Петр Малков, вспрыгнув на тележку, широким движением рук развел стоящих рядом, вдруг весь подобравшись, вытянулся на носочки и выкрикнул:
– Я добровольно ухожу на фронт и клянусь вам: буду бить фашистов смертным боем. Если понадобится, не моргну глазом, отдам свою жизнь за Родину и за Сталина. Мы все такие. Э-э… – Малков перевел дух. – Не пройдет и месяца, как мы развеем по полям Европы прах немецкой орды; скоро вернемся домой с победой…
– В штаны не напусти, – сказал кто-то за спиной Охватовых.
Мать неодобрительно оглянулась, потому что в том, что говорил Петр Малков, была какая-то частичка ее правды. После того как Михей сказал ей, что слабые и квелые на войне погибают скорее, чем бойкие да тороватые, она невольно глядела на новобранцев глазами Михея: «Малков – ухо с глазом парень. Этот и с немцем управится, и сам сохранится. Таких нешто убьешь!»
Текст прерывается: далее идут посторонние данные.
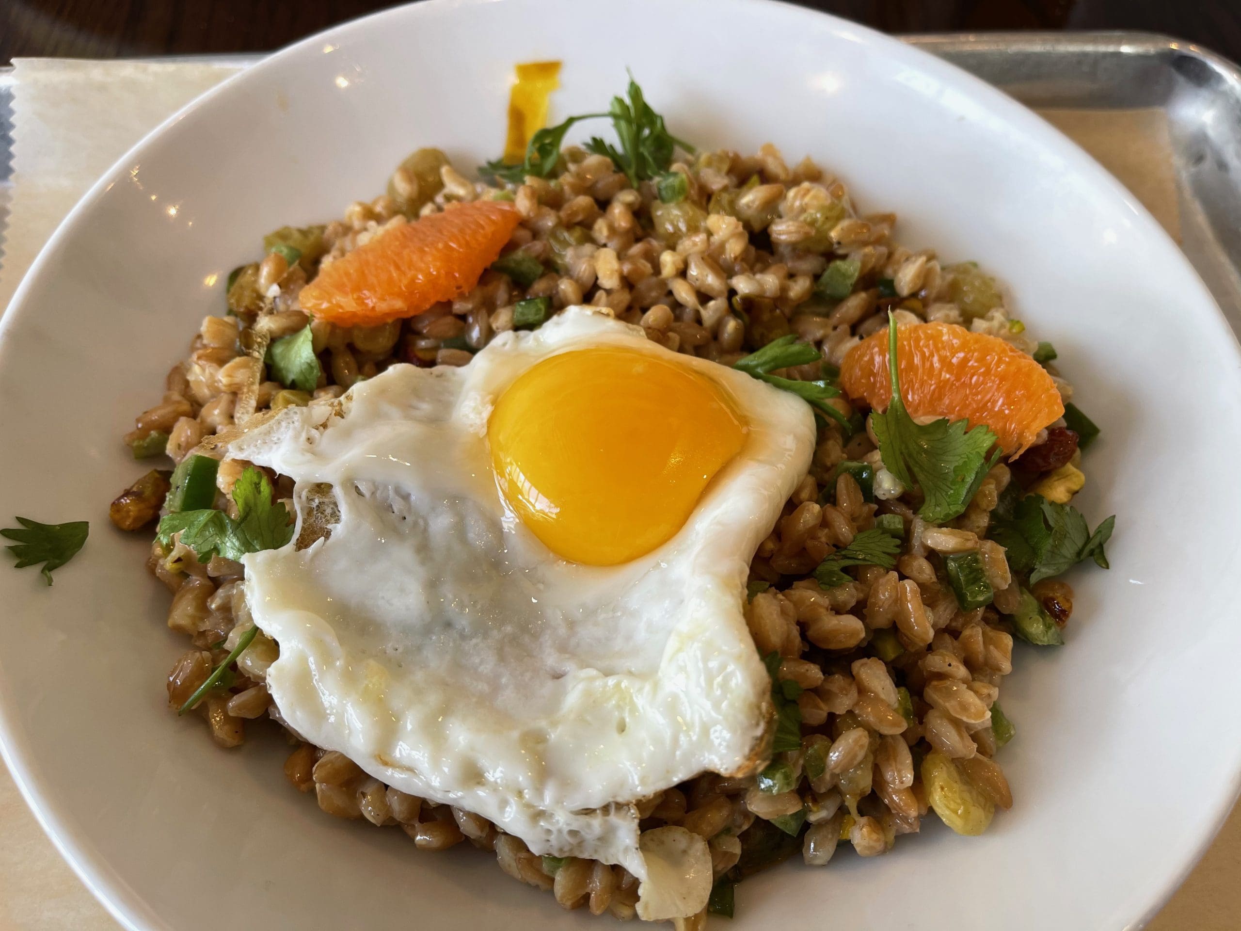 6 June 2021: One of the problems with ordering the brunch special is that you might never again see it offered–especially if you visit The Grove as infrequently as we do (not an indictment of The Grove, but rather a testament to our “polyamorous” relationship with restaurants). Perhaps the most special of the several specials we’ve enjoyed at The Grove is the citrus farro bowl (farro, jalapeño, roasted pistachios, cilantro and parsley, Cara Cara oranges, sweet golden raisins, ginger lemon vinaigrette, topped with a sunny side egg).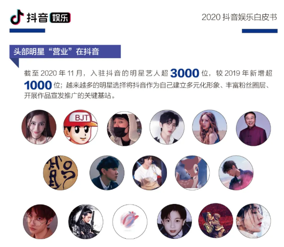 根据《2020抖音娱乐白皮书》,2020年入驻抖音的明星艺人超过3000位,吸引了包括流量大咖、当红小鲜肉、经典明星、偶像爱豆等各类明星入驻。

– Ты, Колюшка, поближей к нему, к Петюшке-то. Видишь, какой он боевой-то!
– На словах.
После Малкова говорил какой-то лысый старик. Он махал пионерским галстуком и, захватив в кулак ворот рубахи, тянул его куда-то на сторону:
– Если начнет тускнеть наше знамя, мы своею кровью окрасим его. Верьте… кто… Ура!
Из-за водокачки, где в светлом небе мигал зеленый огонек семафора, выкатился шумный и дымный паровоз. Весь перрон пришел в движение, и началась сутолока. И женский плач, и мужская ругань, и разухабистые песни, так не к месту, и шум поезда – все слилось, все смешалось, и только тугие удары барабана покрывали шум и вместе с тем еще более увеличивали его.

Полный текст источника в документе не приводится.